Solution 3: Fix SpeedTree Shader Compatibility
SpeedTree assets include their own shaders that must match your render pipeline. Using a Built-in pipeline SpeedTree shader in a URP project causes trees to render pink or not at all. The same applies when upgrading a project between render pipelines.
using UnityEngine;
public class SpeedTreeShaderValidator : MonoBehaviour
{
void Start()
{
Terrain terrain = GetComponent<Terrain>();
TreePrototype[] prototypes = terrain.terrainData.treePrototypes;
foreach (TreePrototype proto in prototypes)
{
if (proto.prefab == null) continue;
Renderer[] renderers = proto.prefab.GetComponentsInChildren<Renderer>();
foreach (Renderer rend in renderers)
{
foreach (Material mat in rend.sharedMaterials)
{
if (mat != null && mat.shader.name.Contains("Hidden/InternalErrorShader"))
{
Debug.LogError($"Tree '{proto.prefab.name}' has a broken shader. " +
"Assign the correct SpeedTree shader for your render pipeline.");
}
}
}
}
}
}
For URP projects, SpeedTree materials should use Universal Render Pipeline/Nature/SpeedTree8. For HDRP, use HDRP/Nature/SpeedTree8. You can batch-update materials by selecting all tree prefabs and reassigning the shader in the material inspector.
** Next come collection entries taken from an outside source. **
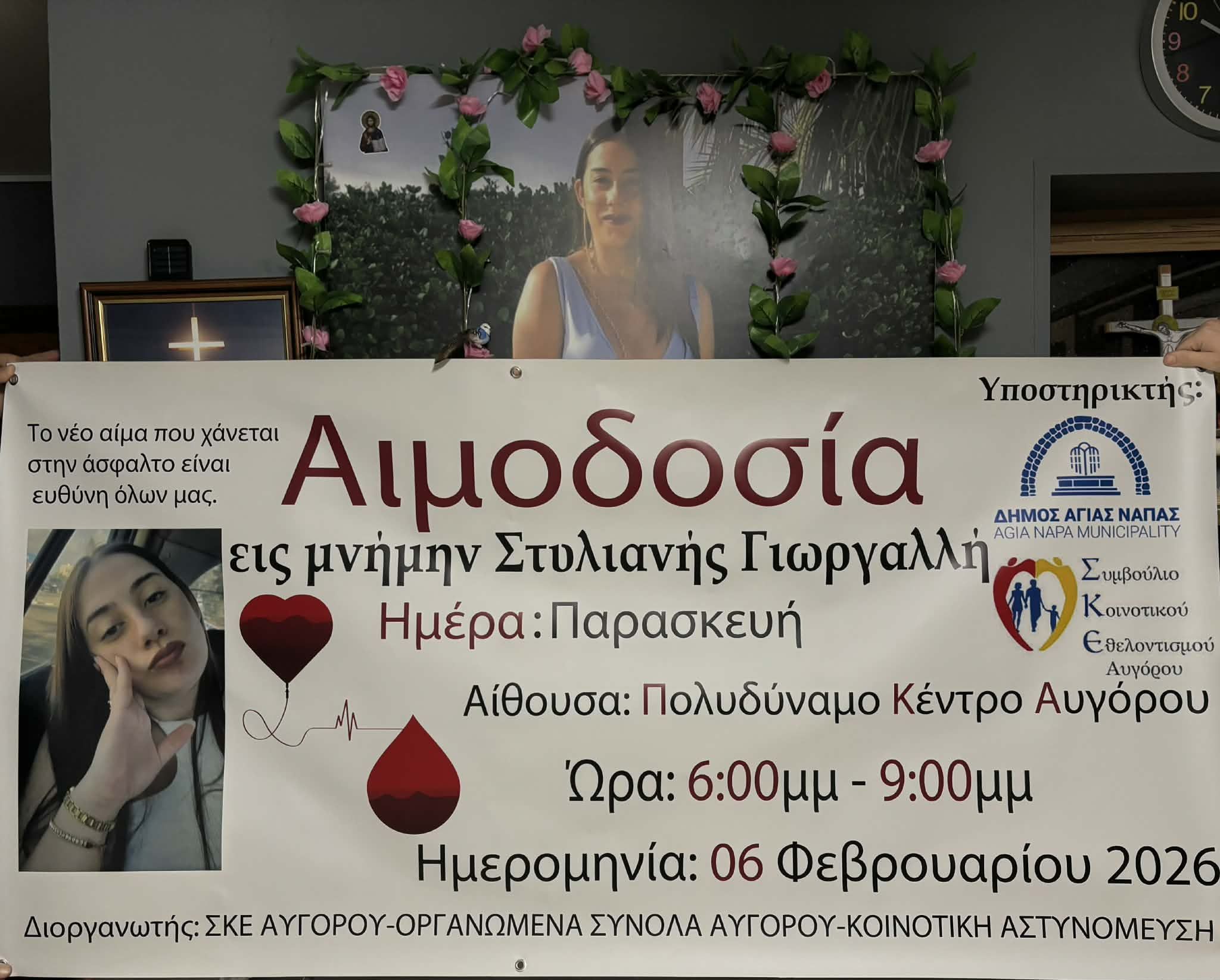 Αιμοδοσία αφιερωμένη στην Στυλιανή Γιωργαλλή διοργανώνεται την Παρασκευή 06/02/26 στο πολυδύναμο κέντρο Αυγόρου από τις 6:00-9:00μ.μ.
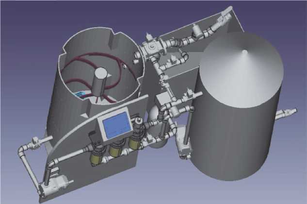 ЧМИ реализован на базе сенсорного дисплея. На основной экран выведена функциональная мнемосхема установки, где для интуитивно понятного представления о состоянии исполнительных механизмов применяется динамическая цветовая кодировка. Модель адаптивной автоматизированной установки водоочистки представлена на рисунке 3.
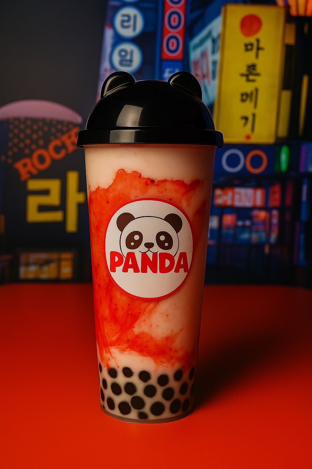 Bubble tea de Fresa, con tapioca y crema de la casa. Refrescante y cremoso, ideal para los que aman los sabores frutales.

Solution 4: Adjust Camera Far Clip Plane
Even if your terrain tree distance is set high, the camera’s far clip plane can still cull trees. If the camera’s far clip is 1000 but your tree distance is 5000, trees beyond 1000 units will not render regardless of terrain settings.
using UnityEngine;
public class CameraDistanceSync : MonoBehaviour
{
[SerializeField] private Terrain terrain;
void Start()
{
Camera cam = GetComponent<Camera>();
// Ensure camera can see as far as trees are rendered
if (cam.farClipPlane < terrain.treeDistance)
{
cam.farClipPlane = terrain.treeDistance + 500f;
Debug.Log($"Camera far clip adjusted to {cam.farClipPlane} to match tree distance");
}
}
}
Solution 5: Performance-Aware Tree Distance Scaling
Rendering thousands of trees at extreme distances is expensive. Rather than setting tree distance to the maximum and hoping for the best, scale it based on the player’s quality settings or current frame rate.
using UnityEngine;
public class AdaptiveTreeDistance : MonoBehaviour
{
[SerializeField] private Terrain terrain;
[SerializeField] private float minTreeDistance = 2000f;
[SerializeField] private float maxTreeDistance = 10000f;
[SerializeField] private int targetFPS = 60;
private float currentDistance;
void Start()
{
// Set initial distance based on quality level
float quality = QualitySettings.GetQualityLevel() / (float)(QualitySettings.names.Length - 1);
currentDistance = Mathf.Lerp(minTreeDistance, maxTreeDistance, quality);
terrain.treeDistance = currentDistance;
}
void Update()
{
// Dynamically adjust based on frame rate
float fps = 1f / Time.unscaledDeltaTime;
if (fps < targetFPS - 5 && currentDistance > minTreeDistance)
{
currentDistance -= 50f;
terrain.treeDistance = currentDistance;
}
else if (fps > targetFPS + 10 && currentDistance < maxTreeDistance)
{
currentDistance += 25f;
terrain.treeDistance = currentDistance;
}
}
}
“Disappearing trees are almost always a settings issue rather than a bug. Check Tree Distance, Billboard Start, camera far clip, and shader compatibility in that order. Nine times out of ten, one of those four is the culprit.”
Related Issues
If your terrain trees look correct but terrain textures are blurry at distance, see Fix: Unity Terrain Textures Blurry at Distance. For trees that render correctly but have no collision, check Fix: Unity Terrain Tree Collision Not Working. To track visual bugs like disappearing trees across different hardware, read Bug Reporting Tools for Unity Developers.
Always check Tree Distance and Billboard Start first. Match your camera far clip plane to your tree distance. Use the correct SpeedTree shader for your render pipeline. If performance is a concern, scale tree distance dynamically rather than reducing it globally.